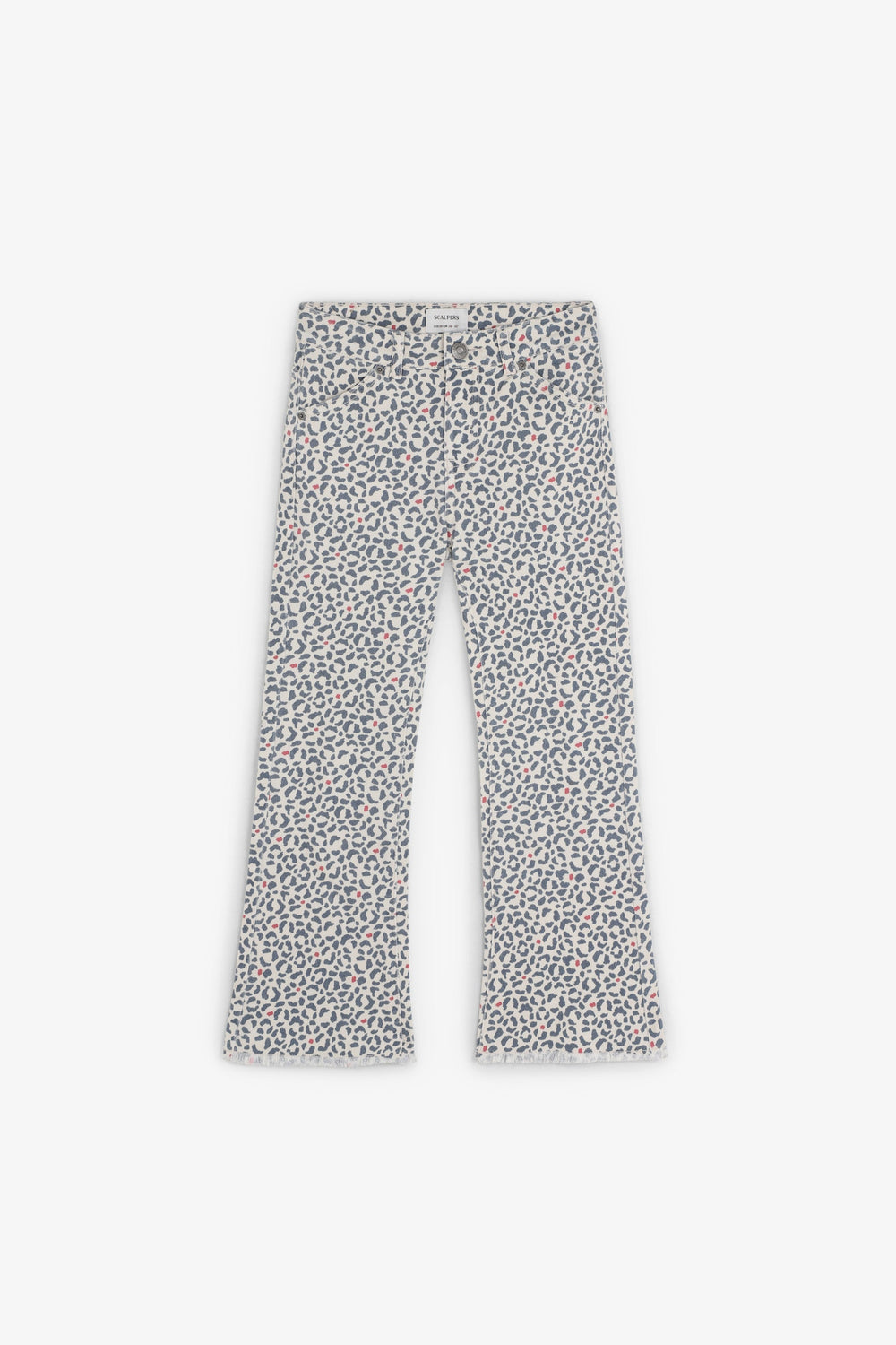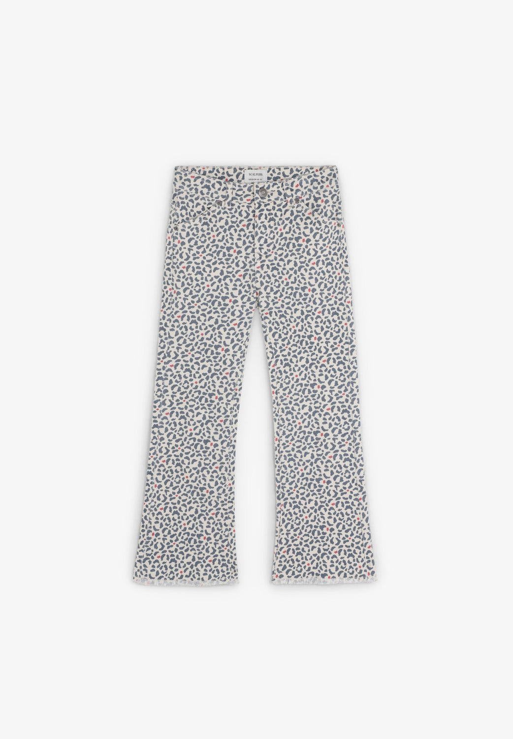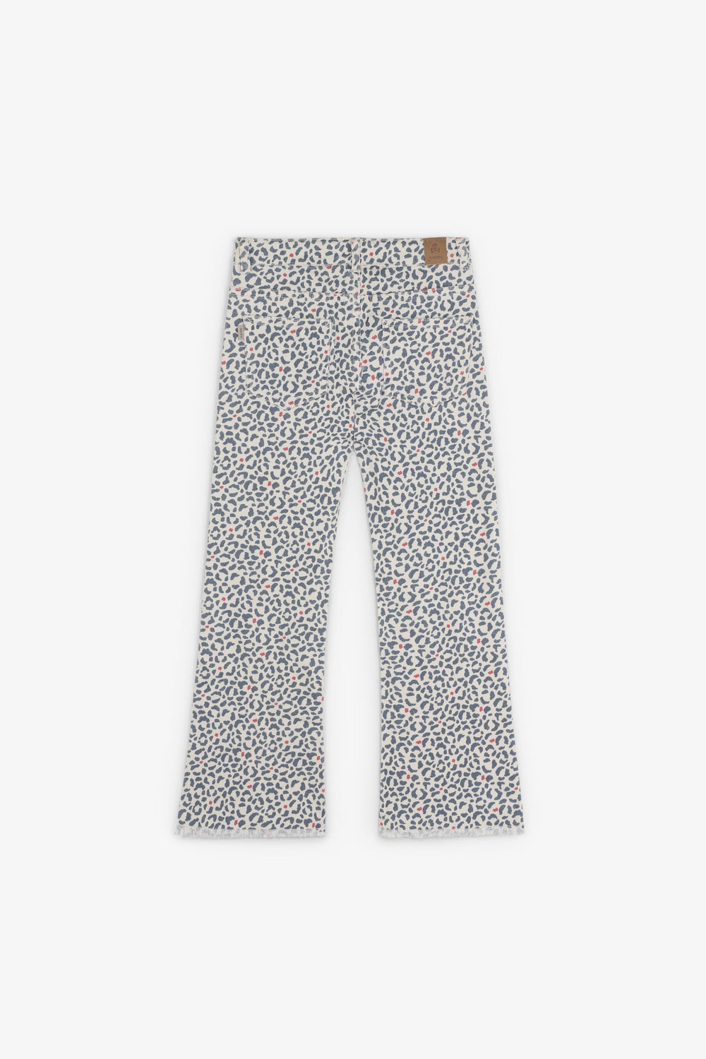 Denim jeans. Two front pockets. Two back pockets with skull and logo label detail. Frayed motif on the hems. Belt loops at the waist. Button and zip fastening. Animal print.
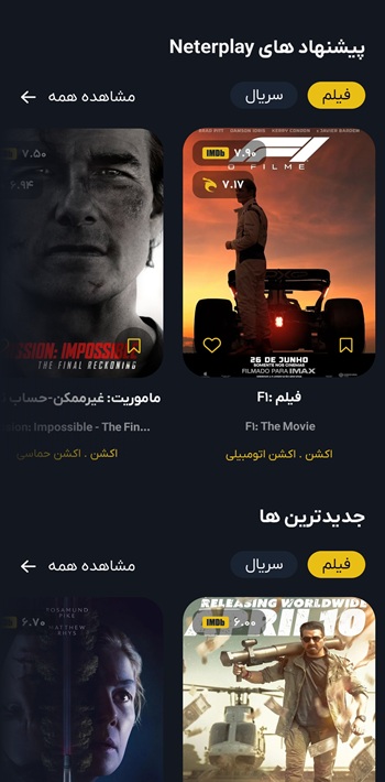 دستهبندی محتوا: فیلمها و سریالها در بخشهای جداگانه و قابل جستجو عرضه میشوند
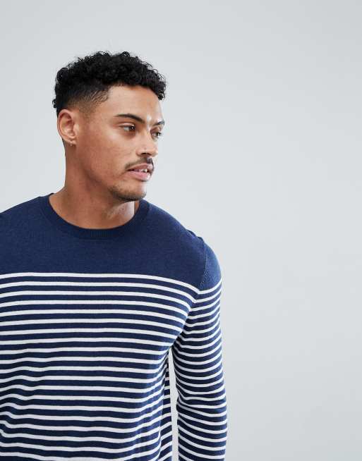 ASOS DESIGN knitted breton stripe jumper in navy Very well made.
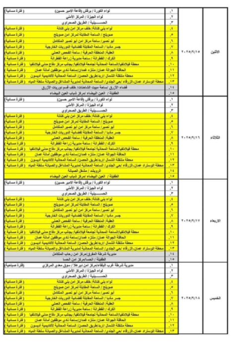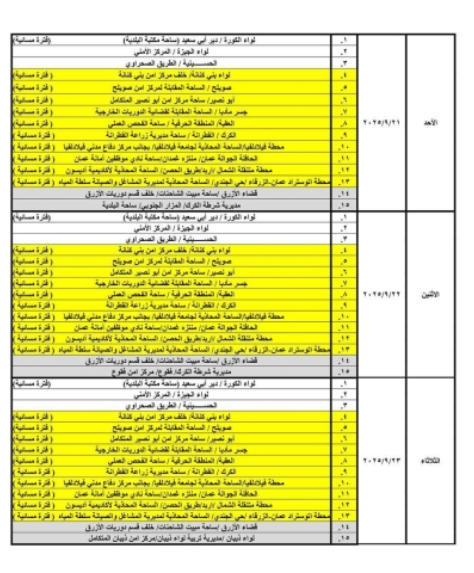 حيث ستكون ساعات الدوام الصباحي من يوم الأحد ولغاية يوم الأربعاء من الساعة 8:00 صباحًا وحتى الساعة 2:00 ظهرًا، ويوم الخميس من الساعة 8:00 صباحًا ولغاية الساعة 1:00 ظهرًا ودوام المحطات المسائية من الساعة 3:00 عصراً حتى الساعة 8:00 مساءً.
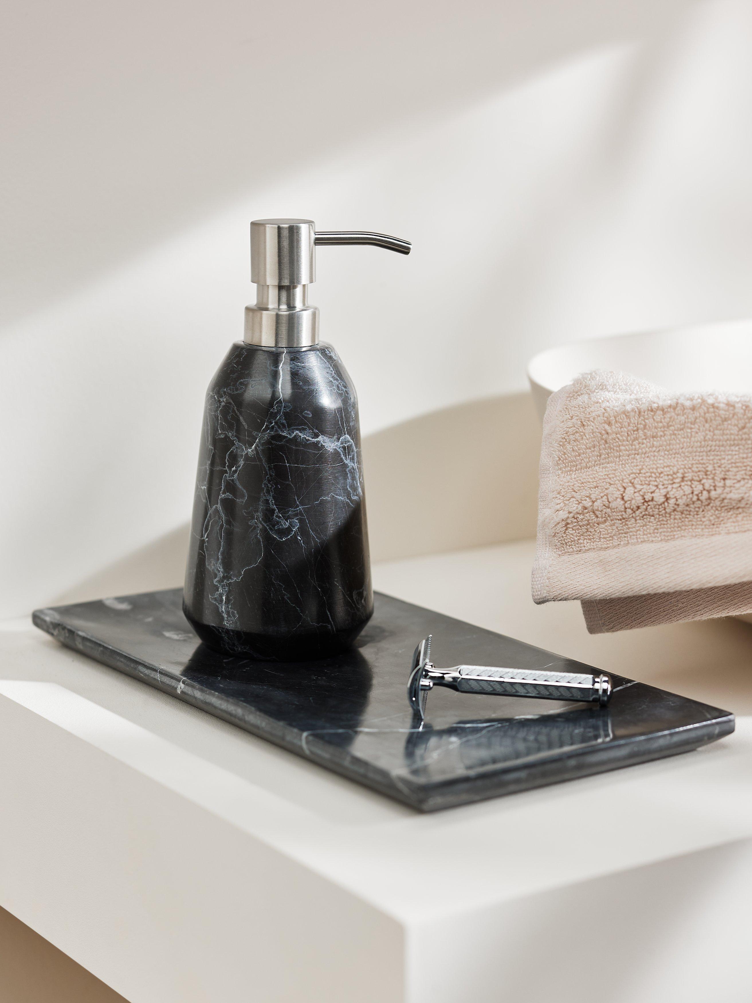 We've given our marble soap pump a modern reboot by using a dark colouring instead of traditional white. The black marble has a fine compact grain and white veins running throughout the body, creating a sophisticated overall look. As marble is a natural material and each piece is individually handmade, there may be some variations in the finish with some pieces having more veins than others, which adds to the beauty and character of the product.
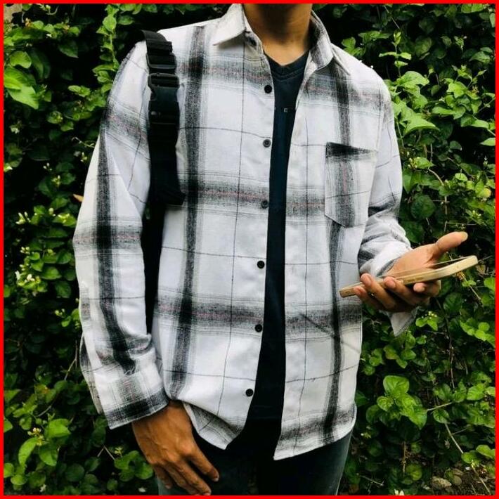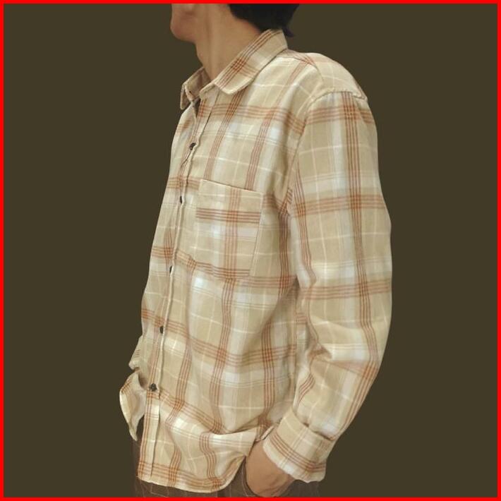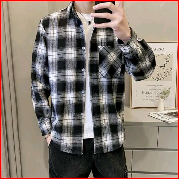 Kemeja Flanel Pria Lengan Panjang Flanel V-neck Baju Lembut Kain Motif
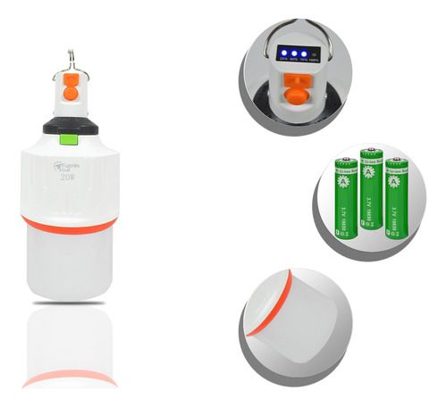 Lampara de luz blanca portátil de 20W con interruptor y puesto USB para carga. Duración de hasta 6 horas.
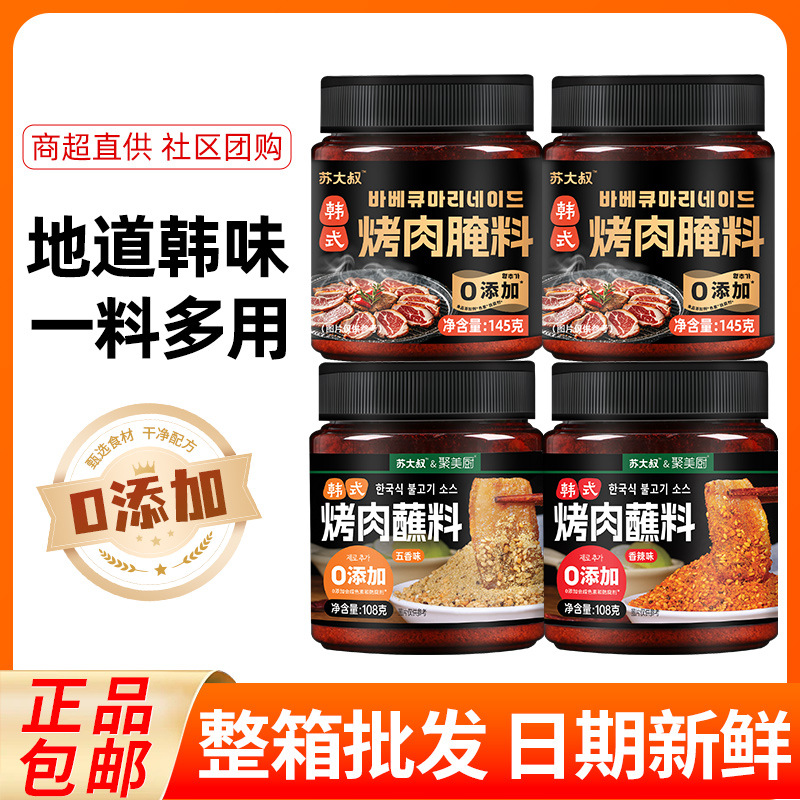 焼肉に韓国風の味をつけて、五花肉を焼いて、調味料を組み合わせてセットします。
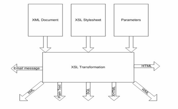 Dupa cum se poate vedea, motorul XSL primeste ca intrare un fisier XML (poate fi bineinteles si un html), un fisier cu stilul de formatare (XSL Stylesheet) si eventuali parametrii pentru rulare. Rezultatele pot fi foarte diferite, de la "texte simple", la "texte cu un anumit inteles" (xml, sql,etc)
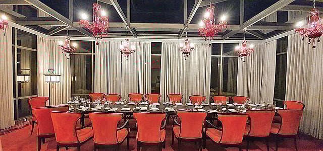 The sheer variety of vegetarian dishes at Yi Jing is incentive enough to turn meat away. The non-vegetarian fare gives no less competition, our favourite was Lamb with Shitake Mushroom in Oyster Sauce. A word to the wise: any preparation in prawn at this restaurant is simply outstanding. We washed all this down with Shanxi Sour—a sweet and sour gin concoction and Vodka and Tea which cleansed out palate for the dessert which was a sight to behold. We’d come back here again simply for the Hazelnut Praline and Yuzu Rocher with Candy Floss and Whisky Flambé.

WORK TASK -> Once the pictures have been removed, reproduce each line of the material above exactly.

ANSWER FOR THIS EXERCISE ->
 Denim jeans. Two front pockets. Two back pockets with skull and logo label detail. Frayed motif on the hems. Belt loops at the waist. Button and zip fastening. Animal print.
 دستهبندی محتوا: فیلمها و سریالها در بخشهای جداگانه و قابل جستجو عرضه میشوند
 ASOS DESIGN knitted breton stripe jumper in navy Very well made.
 حيث ستكون ساعات الدوام الصباحي من يوم الأحد ولغاية يوم الأربعاء من الساعة 8:00 صباحًا وحتى الساعة 2:00 ظهرًا، ويوم الخميس من الساعة 8:00 صباحًا ولغاية الساعة 1:00 ظهرًا ودوام المحطات المسائية من الساعة 3:00 عصراً حتى الساعة 8:00 مساءً.
 We've given our marble soap pump a modern reboot by using a dark colouring instead of traditional white. The black marble has a fine compact grain and white veins running throughout the body, creating a sophisticated overall look. As marble is a natural material and each piece is individually handmade, there may be some variations in the finish with some pieces having more veins than others, which adds to the beauty and character of the product.
 Kemeja Flanel Pria Lengan Panjang Flanel V-neck Baju Lembut Kain Motif
 Lampara de luz blanca portátil de 20W con interruptor y puesto USB para carga. Duración de hasta 6 horas.
 焼肉に韓国風の味をつけて、五花肉を焼いて、調味料を組み合わせてセットします。
 Dupa cum se poate vedea, motorul XSL primeste ca intrare un fisier XML (poate fi bineinteles si un html), un fisier cu stilul de formatare (XSL Stylesheet) si eventuali parametrii pentru rulare. Rezultatele pot fi foarte diferite, de la "texte simple", la "texte cu un anumit inteles" (xml, sql,etc)
 The sheer variety of vegetarian dishes at Yi Jing is incentive enough to turn meat away. The non-vegetarian fare gives no less competition, our favourite was Lamb with Shitake Mushroom in Oyster Sauce. A word to the wise: any preparation in prawn at this restaurant is simply outstanding. We washed all this down with Shanxi Sour—a sweet and sour gin concoction and Vodka and Tea which cleansed out palate for the dessert which was a sight to behold. We’d come back here again simply for the Hazelnut Praline and Yuzu Rocher with Candy Floss and Whisky Flambé.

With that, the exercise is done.